Closed Sramperu closed 6 years ago
Hi
This is something we are working on improving for future releases. Right now the model has no way of knowing that 'Sydney' alone is a city name unless it is defined in the training set as such, or it's been trained on several similar examples.
Although the current model looks at features like whether the word was capitalized, for instance, it's likely that it has learned that locations often come after prepositions like 'in ' or 'going to ' and may be overfitting to this.
In future releases we will include internal or user-specified lookup tables so that the model will be much better at picking out city names, like 'Sydney', and label them as location entities. We'll also include some tools for creating character ngram features that may help extract custom entities. For now I'd assume it's nothing you did wrong. You could try adding a single Sydney
training example labelled as a location entity and see if it works.
Hope it helps
@twhughes ... Thanks for the reply..... here, Sydney is infact present in the training data but once again when data is trained, I give it as "get me weather in sydney" right? so even if I had trained it, while training the story or conversing with the bot through DMM, in the conversation we dont always mention the location and has to be captured separately.
Now having said this, I went through this example of Weatherbot: https://github.com/JustinaPetr/Weatherbot_Tutorial.git where there is also a video tutorial...! In this video, the scenarios is carried out to find the weather in a specific place. The bot had accepted the location without any preposition identifier....

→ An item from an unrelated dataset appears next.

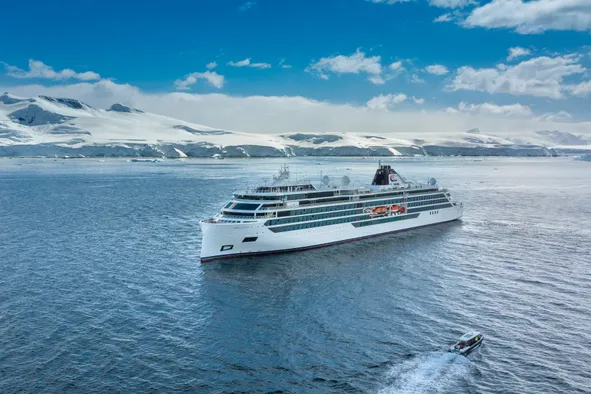 February 20, 2025 — This new offering for Viking in 2025 and 2026 will take adventurous travelers on a once-in-a-lifetime journey from the Earth's far north in Greenland all the way to the South Pole in Antarctica. The 87-day cruise sails aboard Viking's 378-guest Polar Class 6 expedition vessels, Viking Octantis (in 2025) and Viking Polaris (in 2026). It features ports of call in 12 countries. Guests along for the extended sailing will explore the remote beauty of Greenland and the icy wilderness areas of the Canadian High Arctic – all the way south to the Chilean fjords and the otherworldly landscapes and surreal beauty of Antarctica.

This caused the confusion if there is anything in the Pipeline I need to alter....
Pls let me know...
Just to be clear, did you add a few examples of one-word inputs with city as an entity? Like:
{
"text": "Canada",
"intent": "inform",
"entities": [
{
"start": 0,
"end": 6,
"value": "Canada",
"entity": "location"
}
]
}
for example? @JustinaPetr said that she included some like this when she did the demo. Since this is a demo one can expect less ideal performance. In general usage you should supply your own training data to cover what use cases you expect and the more examples the merrier.
to answer your question, the pipeline looks fine to me
Hey @Sramperu.
Regarding the entities, I agree with @twhughes - it's actually quite complicated to train the model so that it would know that 'Sydney' alone is a city name. The only thing that might be different about the weatherbot tutorial and the data you have is that in weatherbot tutorial dataset I actually have a few examples of those one-word city inputs and that's why sometimes (but unfortunately not all the time) it extracts the city without a preposition. So just like @twhughes suggested, try adding some examples like this as well.
Hi @twhughes , any update on this please?
@vivekanon No update, sorry.